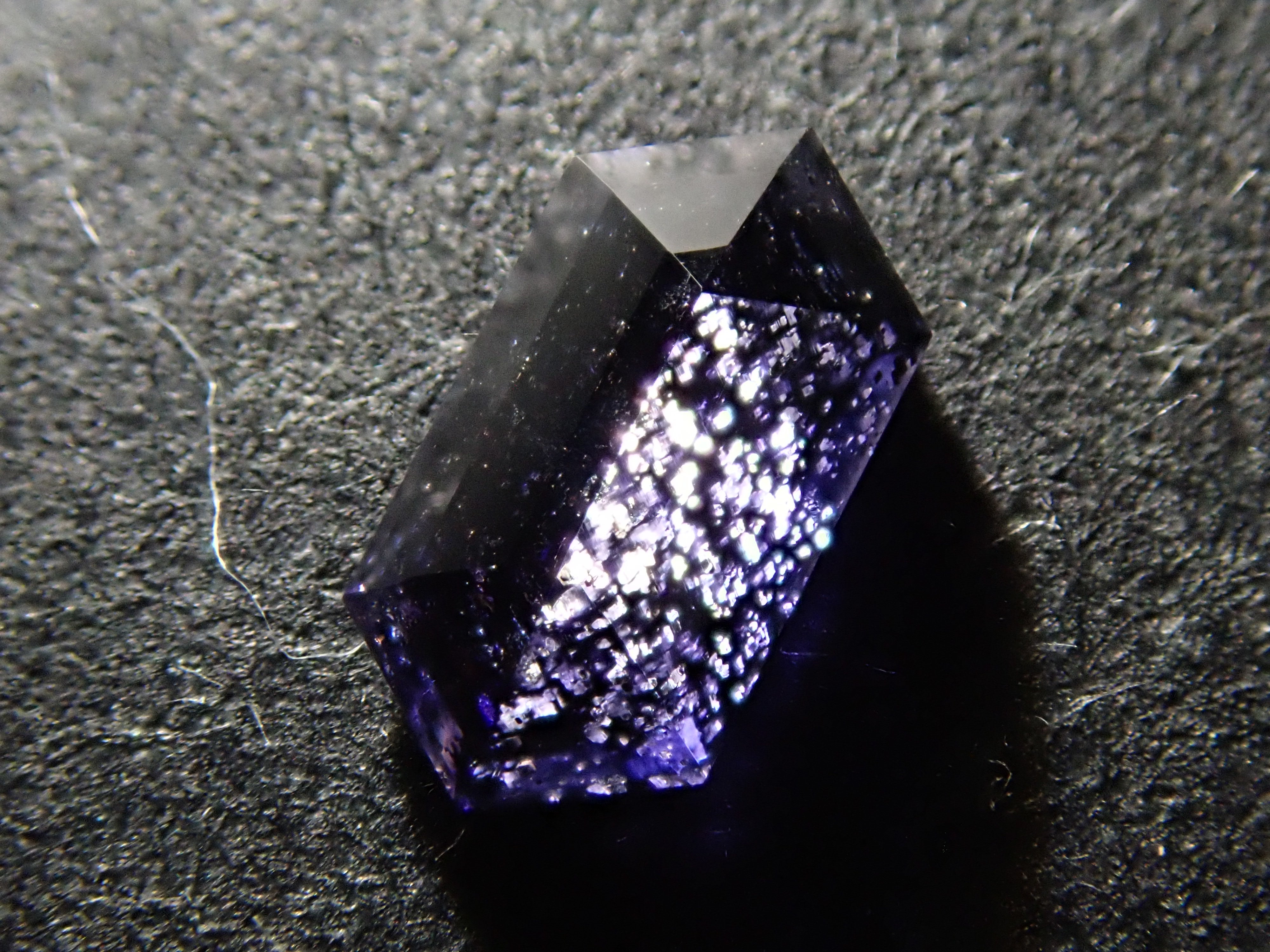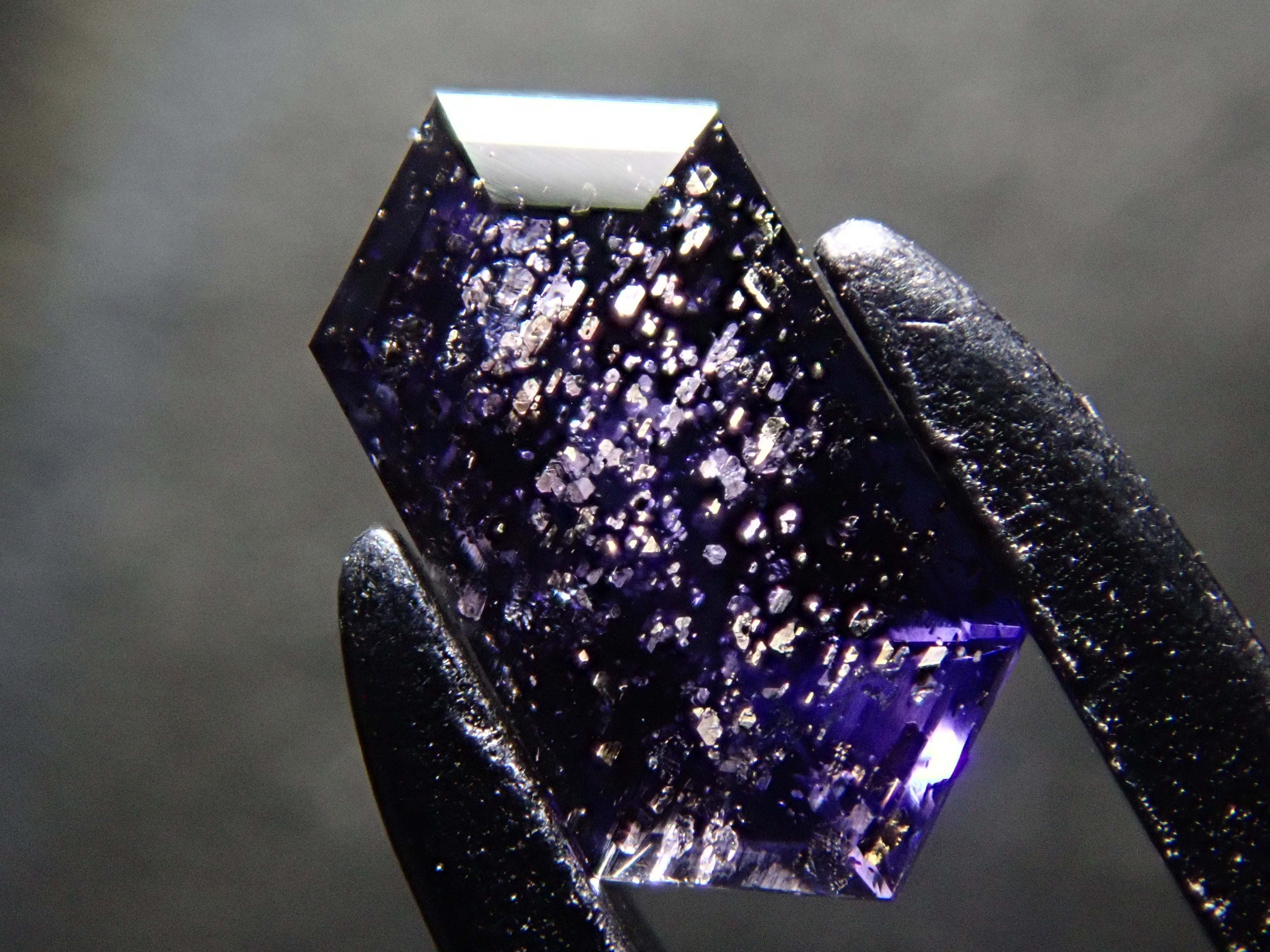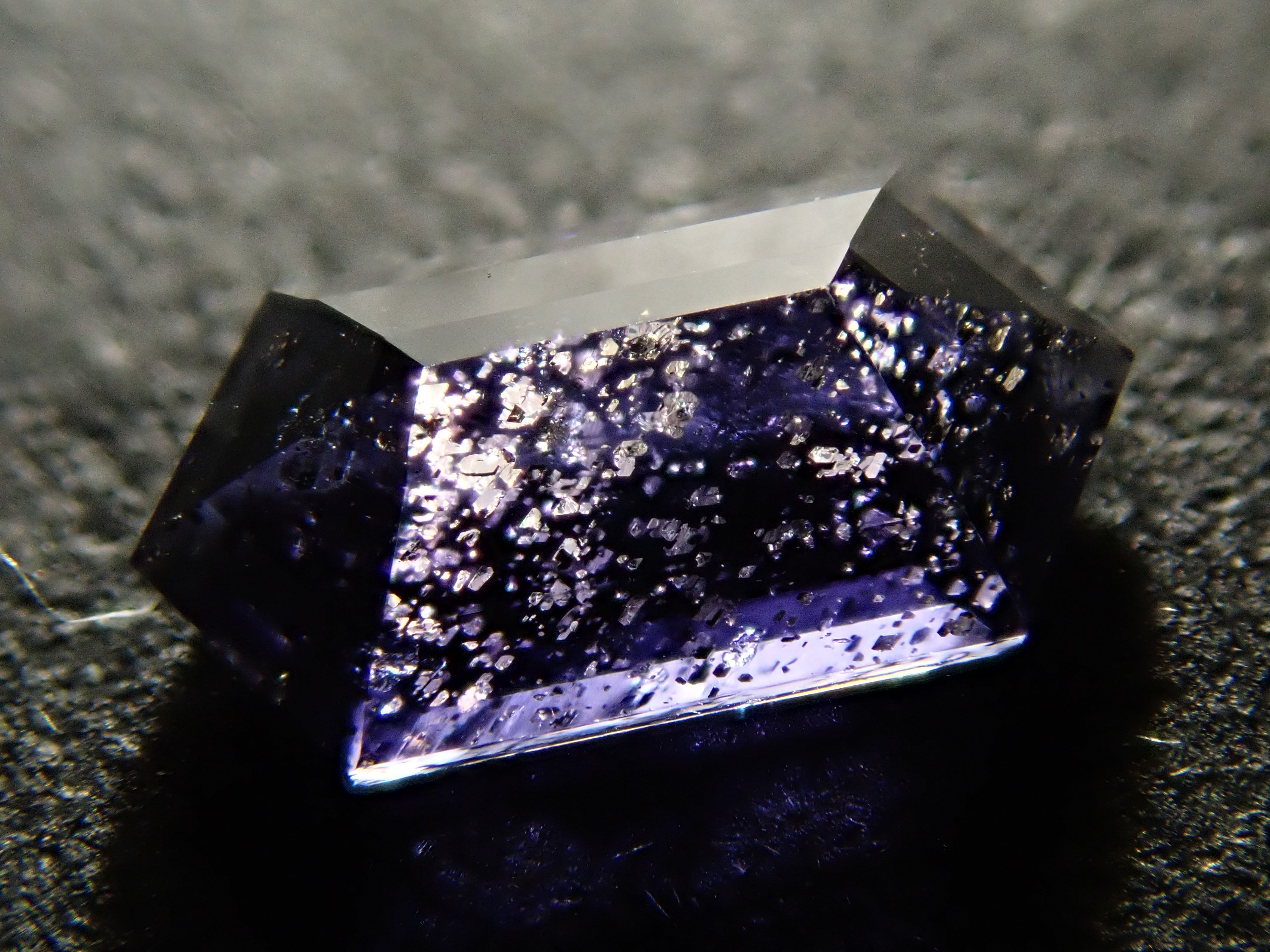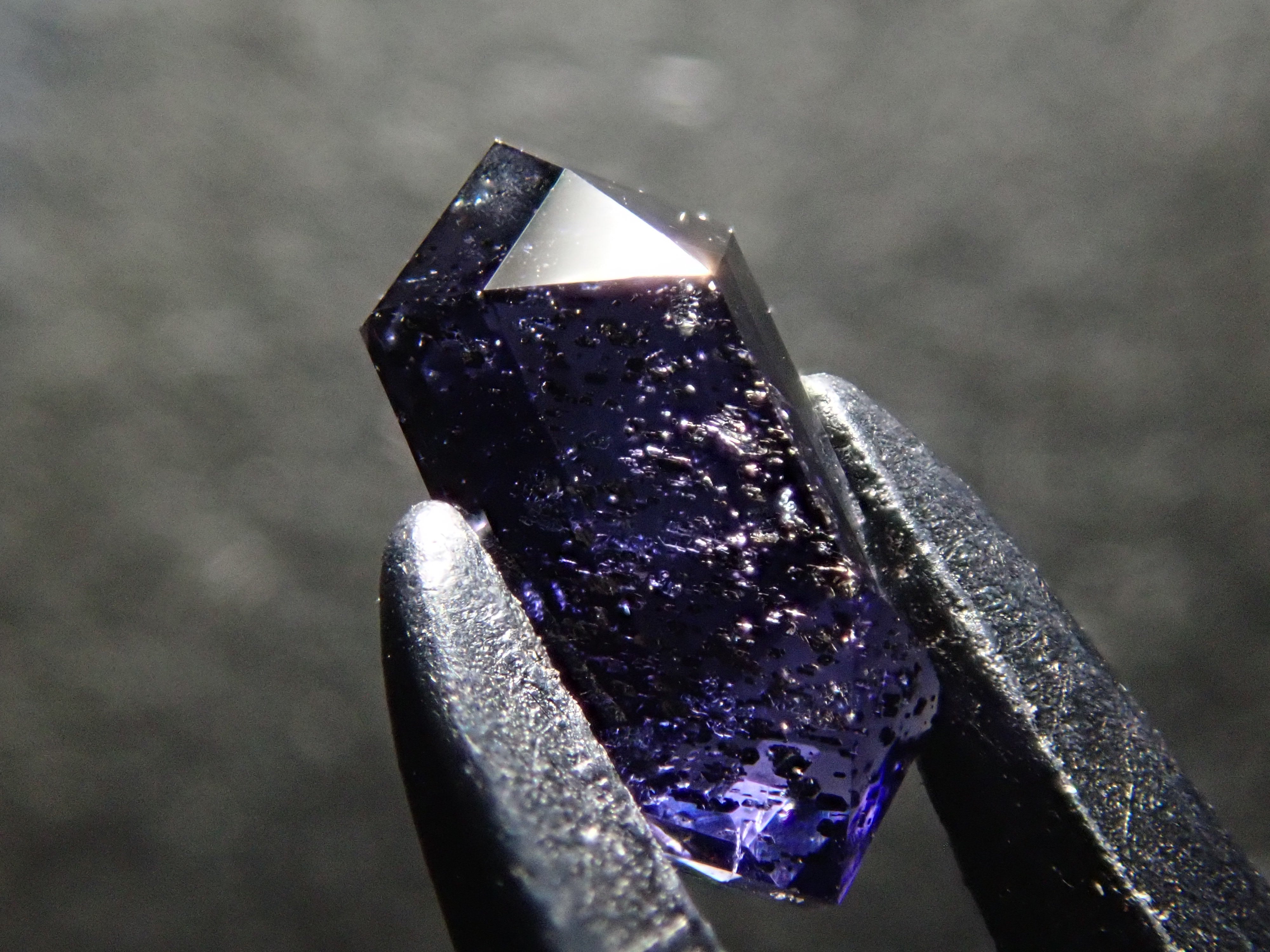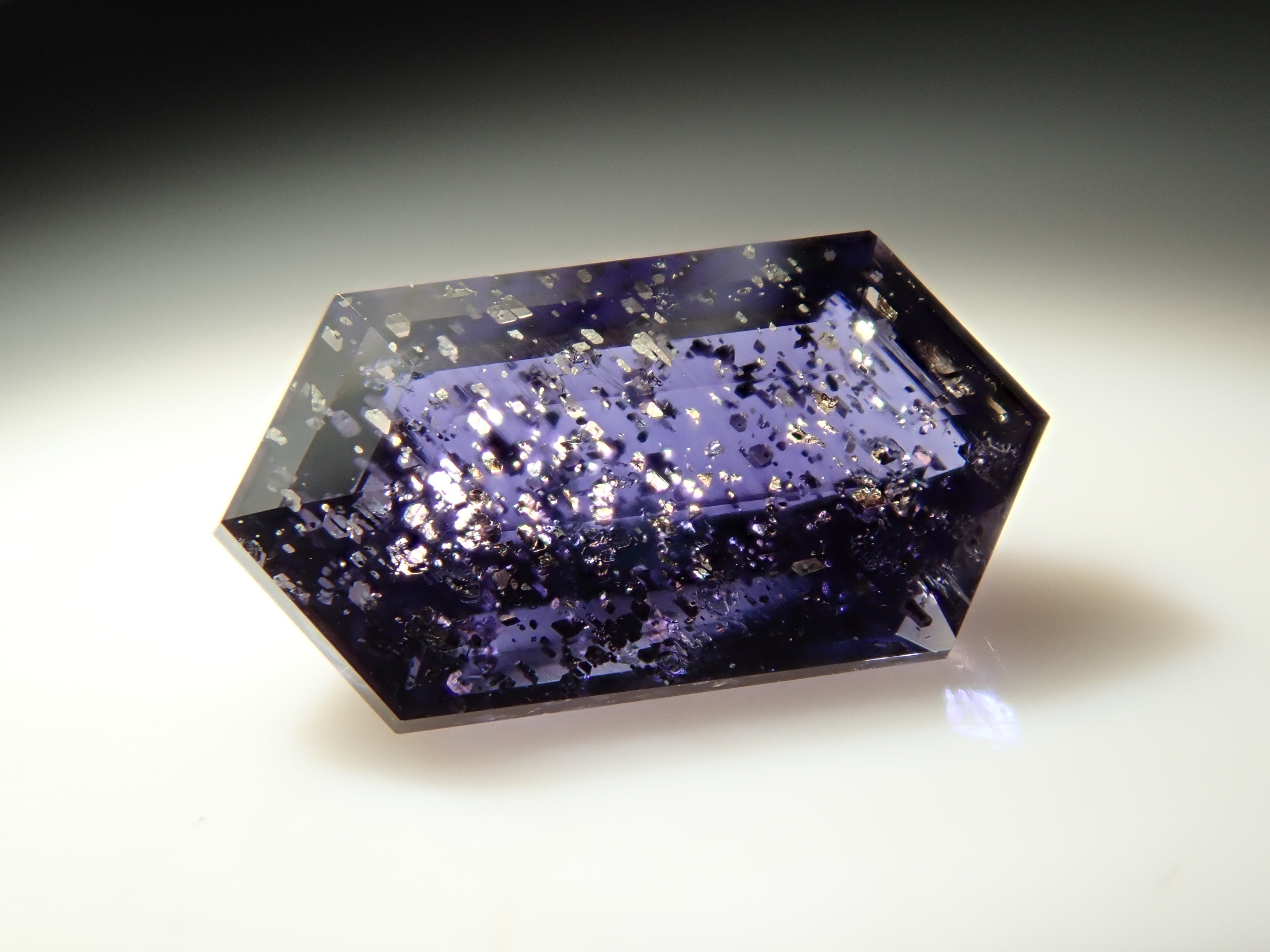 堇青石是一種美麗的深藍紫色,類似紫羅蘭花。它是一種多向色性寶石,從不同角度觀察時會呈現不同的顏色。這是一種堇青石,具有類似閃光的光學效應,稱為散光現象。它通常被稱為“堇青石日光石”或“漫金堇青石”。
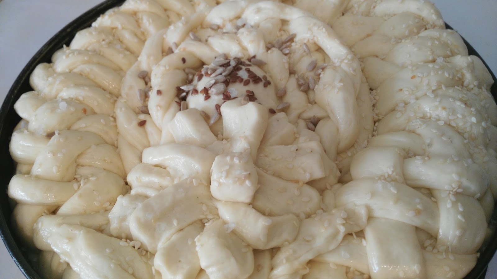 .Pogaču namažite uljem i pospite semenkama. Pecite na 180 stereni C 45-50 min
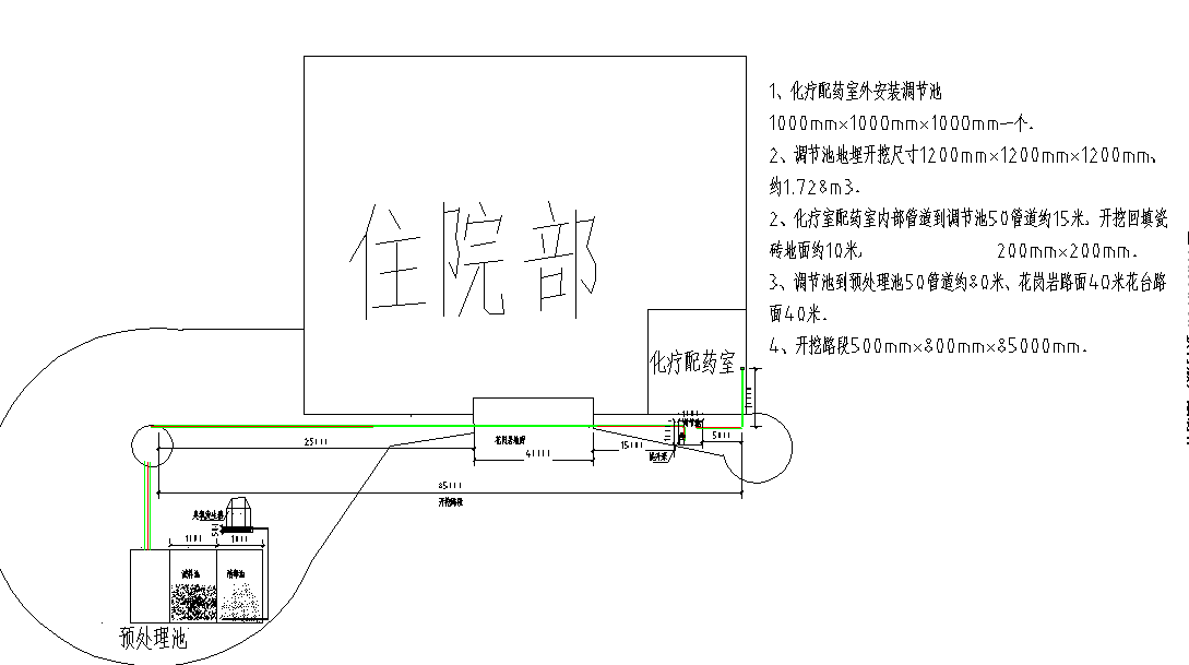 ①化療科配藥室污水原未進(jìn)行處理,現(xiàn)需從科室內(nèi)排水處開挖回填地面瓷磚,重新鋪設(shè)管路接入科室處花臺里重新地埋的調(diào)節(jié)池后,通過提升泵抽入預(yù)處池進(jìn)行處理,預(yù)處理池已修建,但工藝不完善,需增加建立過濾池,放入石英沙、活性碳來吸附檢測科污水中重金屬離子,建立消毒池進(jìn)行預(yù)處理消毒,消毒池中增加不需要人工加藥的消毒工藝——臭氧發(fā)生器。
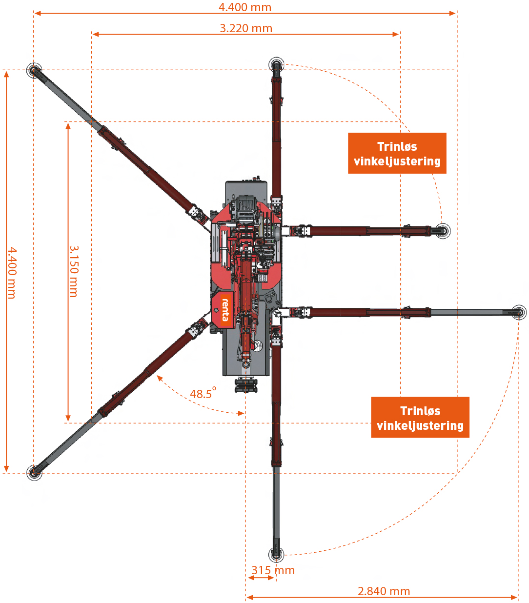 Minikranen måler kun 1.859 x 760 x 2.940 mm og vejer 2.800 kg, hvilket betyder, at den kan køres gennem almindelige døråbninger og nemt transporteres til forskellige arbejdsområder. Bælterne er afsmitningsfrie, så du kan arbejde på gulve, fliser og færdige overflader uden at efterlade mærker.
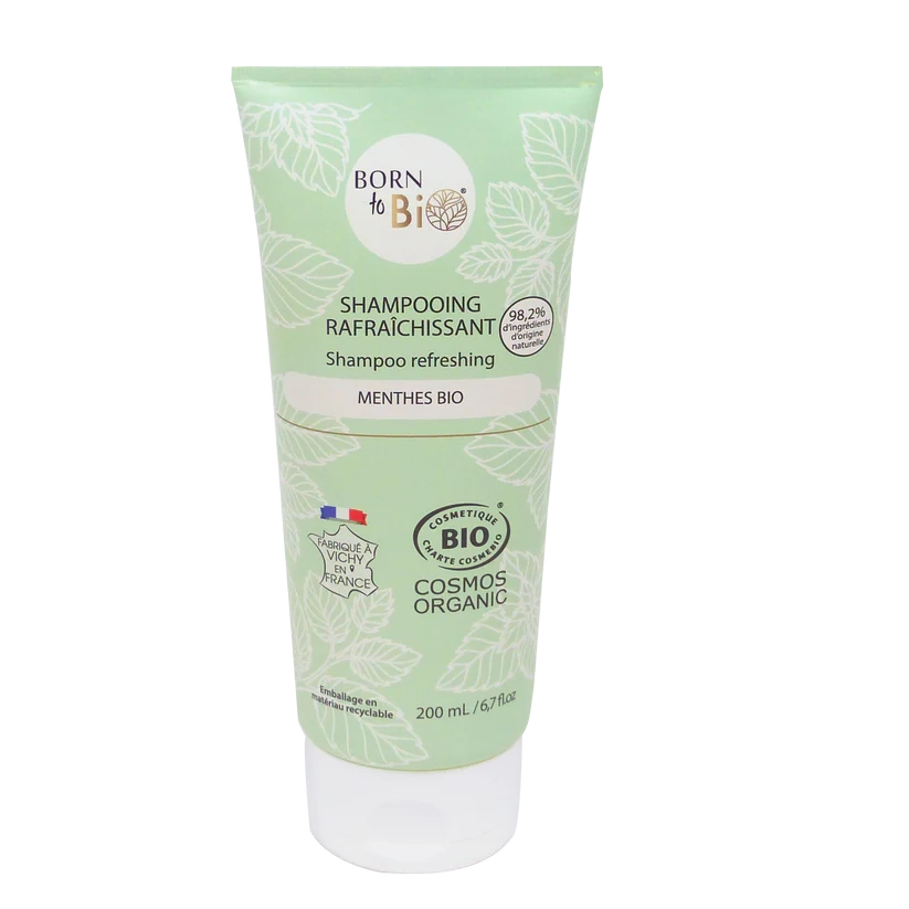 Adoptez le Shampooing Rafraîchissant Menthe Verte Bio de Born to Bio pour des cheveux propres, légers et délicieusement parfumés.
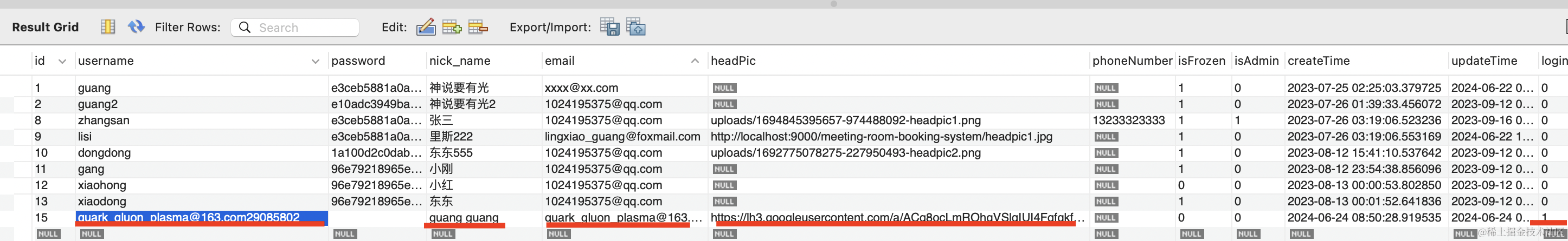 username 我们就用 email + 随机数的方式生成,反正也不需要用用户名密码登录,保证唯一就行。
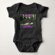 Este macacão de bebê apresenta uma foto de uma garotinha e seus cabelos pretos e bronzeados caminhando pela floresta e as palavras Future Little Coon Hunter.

# Task statement:
Only the lines above starting with the line with "C 45-50 min" and going on through the line with "①化療科配藥室污水原未進(j" belong in the answer; repeat them exactly, minus any picture.

# Reply:
 .Pogaču namažite uljem i pospite semenkama. Pecite na 180 stereni C 45-50 min
 ①化療科配藥室污水原未進(jìn)行處理,現(xiàn)需從科室內(nèi)排水處開挖回填地面瓷磚,重新鋪設(shè)管路接入科室處花臺里重新地埋的調(diào)節(jié)池后,通過提升泵抽入預(yù)處池進(jìn)行處理,預(yù)處理池已修建,但工藝不完善,需增加建立過濾池,放入石英沙、活性碳來吸附檢測科污水中重金屬離子,建立消毒池進(jìn)行預(yù)處理消毒,消毒池中增加不需要人工加藥的消毒工藝——臭氧發(fā)生器。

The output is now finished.